Kovid-19 Kolombiya’da 80 binden fazla can aldı. Günlük 470-500 arasında. Sağlık sistemi çöküşün eşiğinde, büyük kentlerin yoğun bakım üniteleri doldu. Öyle ki Bogota’nın Belediye Başkanı Claudia Lopez “Daha ne diyeceğimi bilmiyorum, uyarmak, yalvarmak...” diyor ama protestocular pandemiden olmasa ekonomik eşitsizliklerden öleceklerini söylüyorlar. Nüfusun sadece yüzde 8’in ilk doz aşı oldu. Hükümet özel sağlık şirketlerine aşı pazarlığı yetkisi verdi. Kolombiyalılar sosyal medyada aşı olmak için Miami’ye uçan üst düzey yetkililerle dalga geçerek rahatlamaya çalışıyorlar.
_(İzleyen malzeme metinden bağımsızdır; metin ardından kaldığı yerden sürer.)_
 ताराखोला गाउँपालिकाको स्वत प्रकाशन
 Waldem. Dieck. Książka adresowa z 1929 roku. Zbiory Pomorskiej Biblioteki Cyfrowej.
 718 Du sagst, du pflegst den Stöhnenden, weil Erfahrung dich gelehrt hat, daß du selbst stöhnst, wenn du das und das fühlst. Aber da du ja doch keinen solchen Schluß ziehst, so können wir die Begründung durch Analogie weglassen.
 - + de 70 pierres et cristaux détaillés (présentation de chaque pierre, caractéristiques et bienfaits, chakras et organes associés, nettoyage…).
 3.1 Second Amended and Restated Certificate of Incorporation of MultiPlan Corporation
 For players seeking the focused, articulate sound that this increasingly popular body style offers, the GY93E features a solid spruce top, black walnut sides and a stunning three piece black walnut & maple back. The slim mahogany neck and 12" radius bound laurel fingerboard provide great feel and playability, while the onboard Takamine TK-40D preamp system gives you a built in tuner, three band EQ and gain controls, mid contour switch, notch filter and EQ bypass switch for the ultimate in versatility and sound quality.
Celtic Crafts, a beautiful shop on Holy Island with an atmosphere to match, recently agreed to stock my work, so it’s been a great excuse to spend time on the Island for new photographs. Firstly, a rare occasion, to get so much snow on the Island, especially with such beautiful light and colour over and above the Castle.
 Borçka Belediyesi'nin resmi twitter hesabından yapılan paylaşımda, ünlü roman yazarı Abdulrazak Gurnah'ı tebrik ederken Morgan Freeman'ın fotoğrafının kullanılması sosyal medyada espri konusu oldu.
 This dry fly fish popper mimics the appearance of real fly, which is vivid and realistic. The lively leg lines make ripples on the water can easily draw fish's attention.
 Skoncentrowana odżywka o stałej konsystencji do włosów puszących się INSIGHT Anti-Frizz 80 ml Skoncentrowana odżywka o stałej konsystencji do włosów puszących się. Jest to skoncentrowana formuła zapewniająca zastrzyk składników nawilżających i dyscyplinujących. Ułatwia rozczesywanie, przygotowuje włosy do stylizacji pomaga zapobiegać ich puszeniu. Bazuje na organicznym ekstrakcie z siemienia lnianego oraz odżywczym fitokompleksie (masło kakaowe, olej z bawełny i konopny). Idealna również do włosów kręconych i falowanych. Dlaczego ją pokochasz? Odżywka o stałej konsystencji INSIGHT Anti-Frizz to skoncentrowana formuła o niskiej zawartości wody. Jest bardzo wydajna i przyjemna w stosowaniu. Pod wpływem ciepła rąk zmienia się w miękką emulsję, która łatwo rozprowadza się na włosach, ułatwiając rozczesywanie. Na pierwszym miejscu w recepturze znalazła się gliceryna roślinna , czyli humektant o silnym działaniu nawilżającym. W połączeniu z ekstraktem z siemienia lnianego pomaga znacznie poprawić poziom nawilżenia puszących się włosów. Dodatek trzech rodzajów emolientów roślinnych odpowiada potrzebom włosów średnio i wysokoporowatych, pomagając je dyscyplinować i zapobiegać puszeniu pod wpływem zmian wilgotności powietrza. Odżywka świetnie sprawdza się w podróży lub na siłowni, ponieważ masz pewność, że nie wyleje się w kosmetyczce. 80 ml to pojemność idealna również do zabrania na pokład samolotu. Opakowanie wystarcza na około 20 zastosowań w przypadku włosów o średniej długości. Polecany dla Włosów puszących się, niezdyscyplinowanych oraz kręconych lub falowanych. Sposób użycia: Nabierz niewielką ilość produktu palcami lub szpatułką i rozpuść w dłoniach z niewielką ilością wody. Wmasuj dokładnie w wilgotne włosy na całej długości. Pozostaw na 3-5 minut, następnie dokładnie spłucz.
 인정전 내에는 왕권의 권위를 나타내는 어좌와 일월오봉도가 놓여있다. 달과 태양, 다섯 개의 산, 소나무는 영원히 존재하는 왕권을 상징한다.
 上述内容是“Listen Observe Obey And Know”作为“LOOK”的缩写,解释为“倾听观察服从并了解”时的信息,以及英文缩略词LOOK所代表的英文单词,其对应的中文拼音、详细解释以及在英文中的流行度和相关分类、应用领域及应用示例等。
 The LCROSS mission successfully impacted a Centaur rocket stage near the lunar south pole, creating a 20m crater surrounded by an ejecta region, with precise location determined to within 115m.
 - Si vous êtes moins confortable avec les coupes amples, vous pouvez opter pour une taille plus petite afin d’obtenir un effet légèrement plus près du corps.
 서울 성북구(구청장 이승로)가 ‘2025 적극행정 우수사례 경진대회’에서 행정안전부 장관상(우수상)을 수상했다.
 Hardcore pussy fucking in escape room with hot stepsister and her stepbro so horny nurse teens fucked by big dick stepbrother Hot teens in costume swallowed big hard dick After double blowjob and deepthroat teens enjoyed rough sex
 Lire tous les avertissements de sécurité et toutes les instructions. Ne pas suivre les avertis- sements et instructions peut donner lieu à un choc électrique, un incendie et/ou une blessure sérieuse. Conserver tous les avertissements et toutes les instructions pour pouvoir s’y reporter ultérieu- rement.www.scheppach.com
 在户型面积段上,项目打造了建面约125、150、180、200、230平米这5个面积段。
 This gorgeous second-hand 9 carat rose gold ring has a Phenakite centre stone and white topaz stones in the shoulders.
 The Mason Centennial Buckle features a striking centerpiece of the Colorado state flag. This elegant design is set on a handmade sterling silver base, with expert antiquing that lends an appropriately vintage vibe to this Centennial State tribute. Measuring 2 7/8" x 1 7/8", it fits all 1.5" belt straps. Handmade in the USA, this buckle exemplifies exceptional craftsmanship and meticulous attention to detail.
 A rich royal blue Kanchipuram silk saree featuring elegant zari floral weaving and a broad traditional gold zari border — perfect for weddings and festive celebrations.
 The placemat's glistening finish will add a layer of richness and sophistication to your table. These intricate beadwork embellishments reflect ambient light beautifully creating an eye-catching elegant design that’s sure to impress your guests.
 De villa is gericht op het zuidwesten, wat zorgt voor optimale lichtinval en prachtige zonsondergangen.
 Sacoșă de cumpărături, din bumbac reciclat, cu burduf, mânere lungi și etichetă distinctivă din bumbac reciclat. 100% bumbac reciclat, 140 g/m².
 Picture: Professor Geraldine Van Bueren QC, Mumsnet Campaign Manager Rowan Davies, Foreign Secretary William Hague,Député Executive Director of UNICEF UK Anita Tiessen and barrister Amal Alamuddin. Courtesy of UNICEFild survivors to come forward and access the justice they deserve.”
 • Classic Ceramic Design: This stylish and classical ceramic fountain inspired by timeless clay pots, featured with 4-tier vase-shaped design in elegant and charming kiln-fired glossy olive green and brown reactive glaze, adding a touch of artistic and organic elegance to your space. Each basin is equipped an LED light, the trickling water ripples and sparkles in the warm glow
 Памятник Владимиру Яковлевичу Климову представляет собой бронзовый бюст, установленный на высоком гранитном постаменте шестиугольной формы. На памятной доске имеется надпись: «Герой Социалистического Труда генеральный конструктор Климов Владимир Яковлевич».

Aynı tavrı, süresi bir sonraki skandala kadar olan yolsuzluk haberleri ve hesap vermeyen yöneticiler karşısında da çaresizce sergiliyorlar.

EVDE YİYECEK BİTTİĞİNİ GÖSTEREN BAYRAKLAR

Mahallelerde bir yıldır evde yiyeceğin bittiğini anlatmak ve yardım istemek üzere kızıl bayraklar asılıyor. Pandemi 50 milyon nüfuslu Kolombiya’da 3.6 milyon yeni yoksul yaratmış durumda. Nüfusun yüzde 42.5’u yoksuluk sınırında. Yüzde 63.8›i asgari ücretle geçiniyor ki aylık 270 dolara denk. Bir Kongre üyesinin aylık maaşı 9 bin 450 dolar. Ek olarak aylık bilet kotaları, kurşun geçirmez araçlar, sigorta, cep telefonu ve personel maaşları var. Geçenlerde Başkan Yardımcısı Marta Ramirez, emekçileri kendilerini Kovid-19’dan koruyamamakla eleştirip pandemiyi ‘marka değerleri için fırsat olarak kullanmalarını’ salık vermiş.

Kolombiya, Latin Amerika’nın en sağlam ‘neoliberal kalesi’... ABD yönetimlerinin varlıklarına el koydurup yaptırımlarla inlettiği Venezuela için çıkarttığı gürültünün binde biri Kolombiya için yok.